Indian employment law is heavily bureaucratic, with numerous statutory requirements with regards to contracts, termination procedures as well as employee pensions and holidays. The main distinction with regards to employee rights lies with whether the employee is considered a "workman" or otherwise under Indian employment law.
Indian legislation depicts workers as two distinct categories: workmen and non-workmen. In India, most of the legislation in place primarily applies to workmen.
Under the Industrial Disputes Act, one of the main labour legislations in the country, a workman is defined as any person employed in any industry to do any manual, unskilled, skilled, technical, operational, clerical or supervisory work for hire or reward, whether the terms of employment are express or implied. An employee working in a managerial or administrative capacity, or those employed in a supervisory capacity earning more than Rs10,000 per month, are excluded from the scope of this definition.
The definition of "workman" under the Industrial Disputes Act includes temporary workers. Temporary or part time workers are thus entitled to the same benefits as full-time workers and subject to the provisions of the Industrial Disputes Act in relation to termination provisions. However, where a temporary worker is employed for a genuine specific task for a limited time period, the usual provisions concerning termination for full-time workers will not apply to that temporary worker.

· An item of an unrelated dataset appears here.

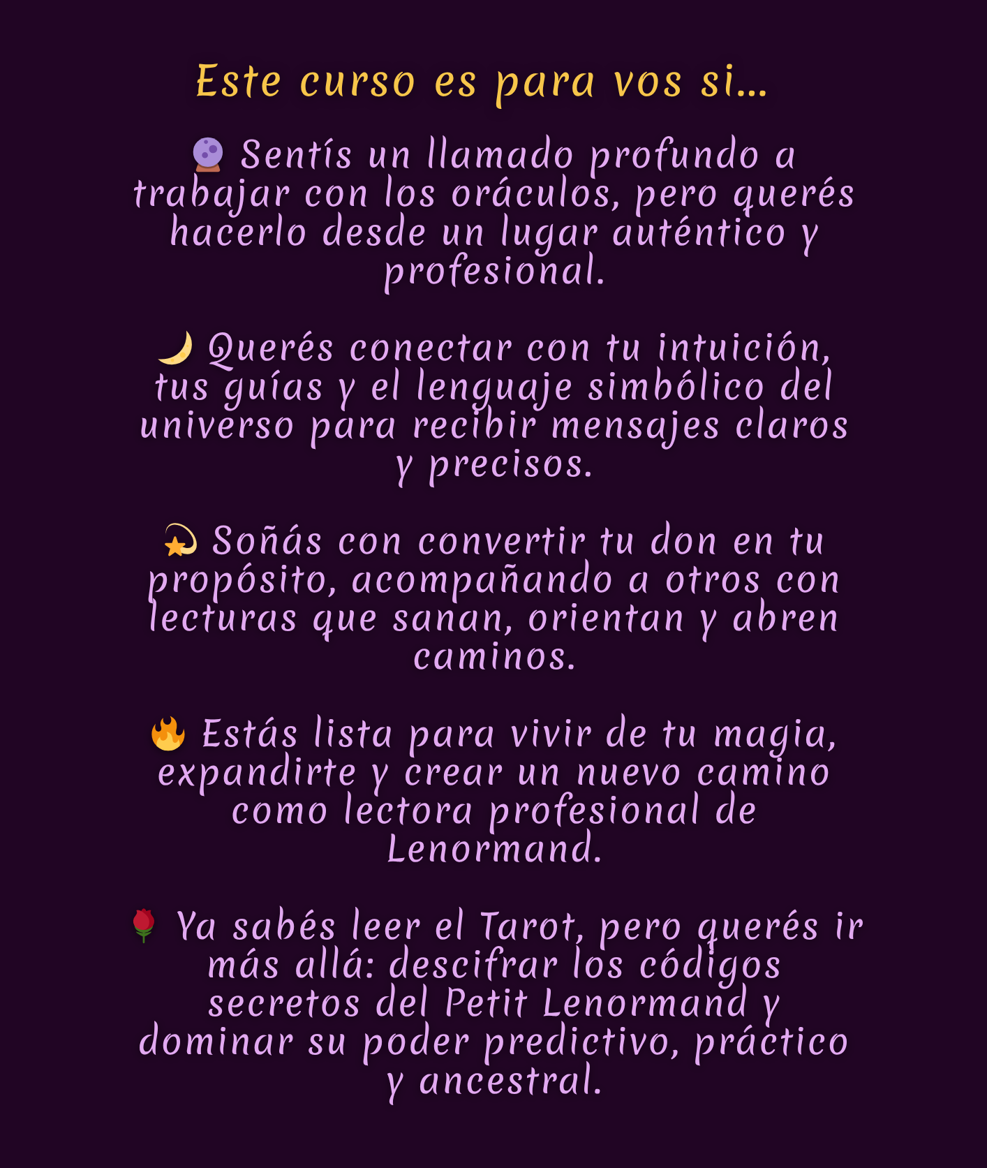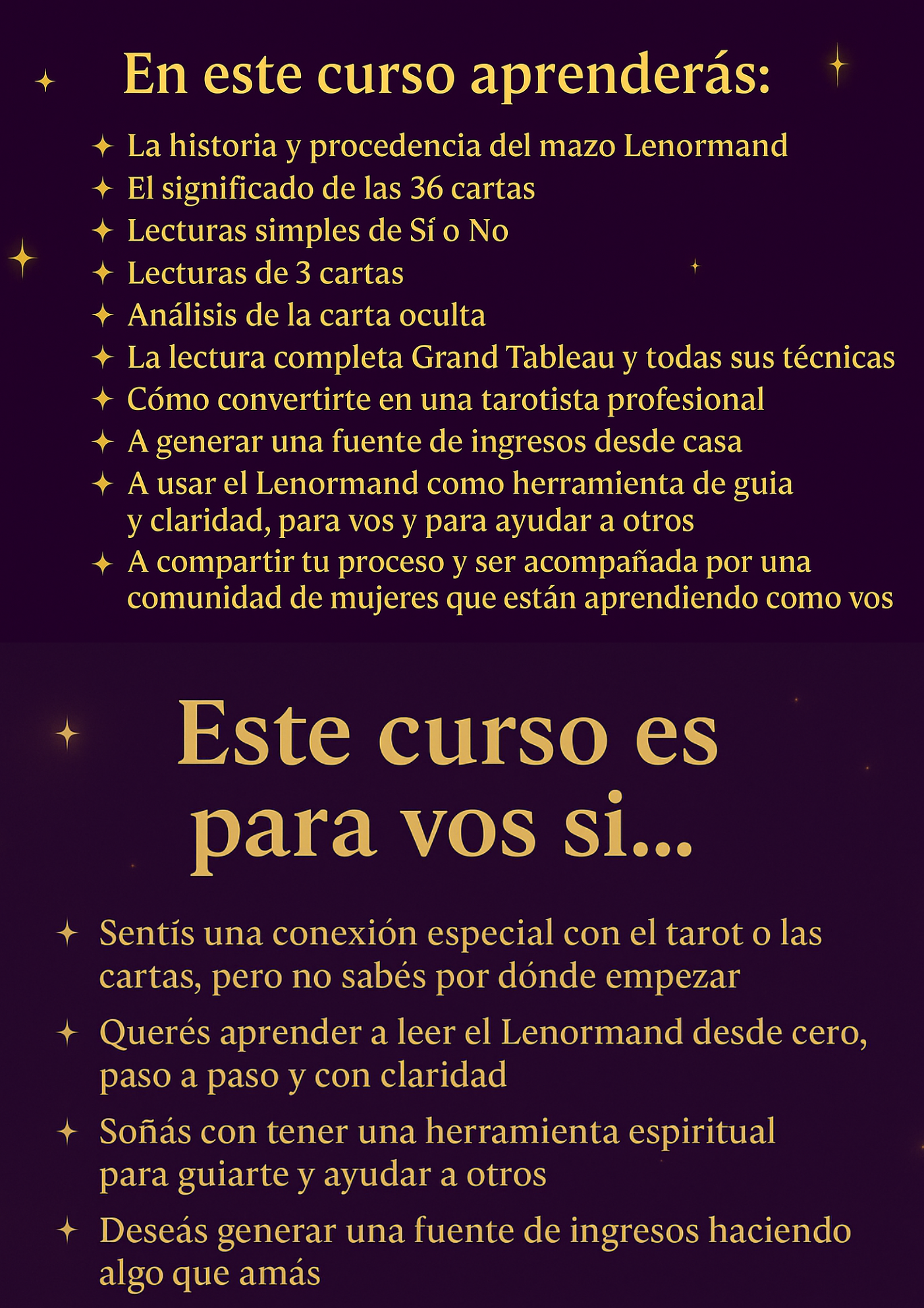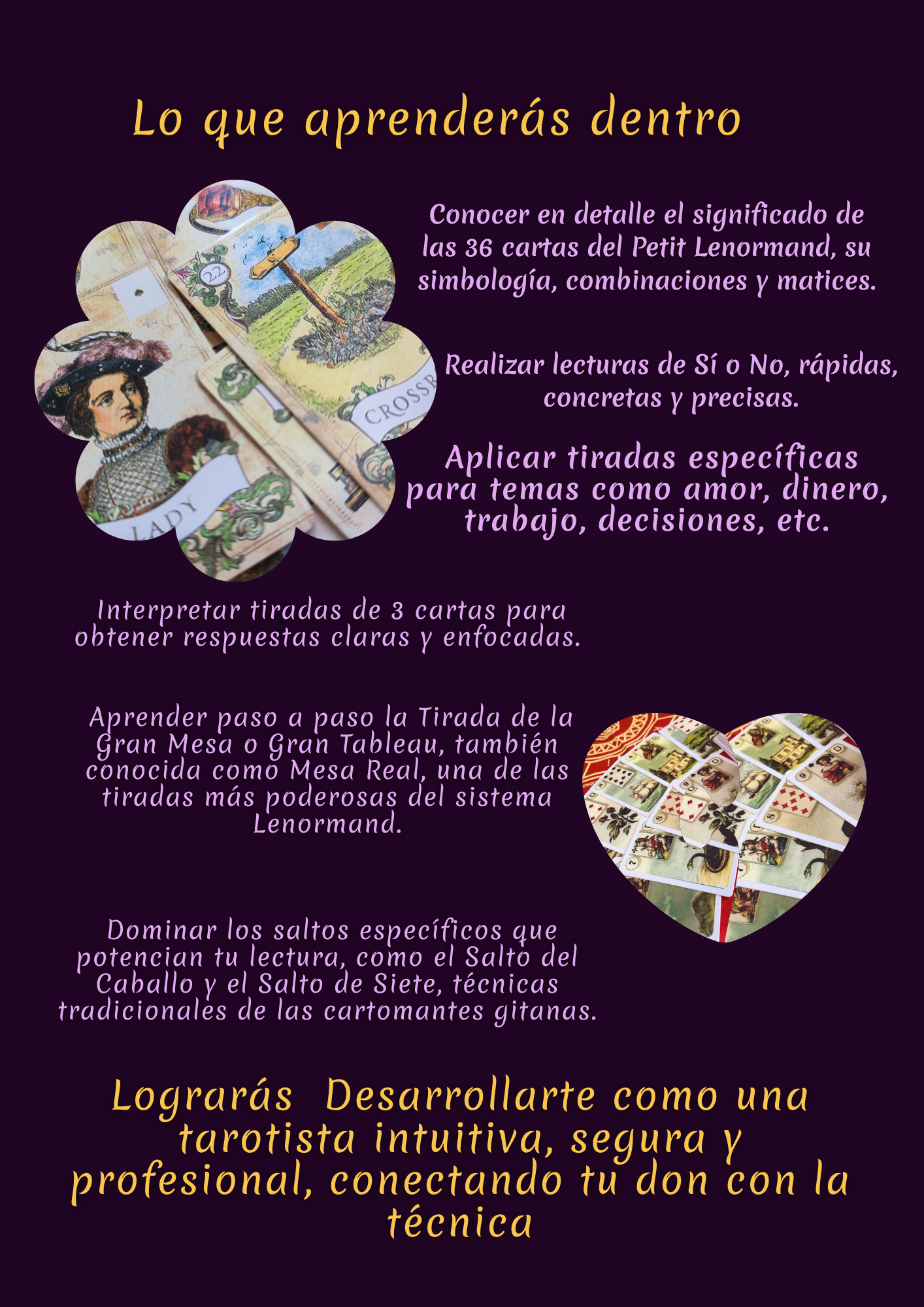 Vas a necesitar un mazo Petit Lenormand de 36 cartas. En el curso vas a poder descargar el tuyo para imprimir y hacer tus primeras prácticas.

The model standing orders under the Industrial Employment (Standing Orders) Act 1946 also classify workmen as permanent workmen, probationers, badli workmen and temporary workmen based on the nature of their employment.
Indian law also recognises agency workers – workers employed through third party contractors. Their employment is governed by the Contract Labour (Regulation and Abolition) Act 1970.
A worker's entitlement to statutory employment rights depends on the category of employee and multiple other factors, including nature of the work undertaken, remuneration, location of employee and type of industry. As the Industrial Disputes Act seeks to protect workmen, an employee who does not qualify as a workman will not receive any protection or benefit under the Industrial Disputes Act.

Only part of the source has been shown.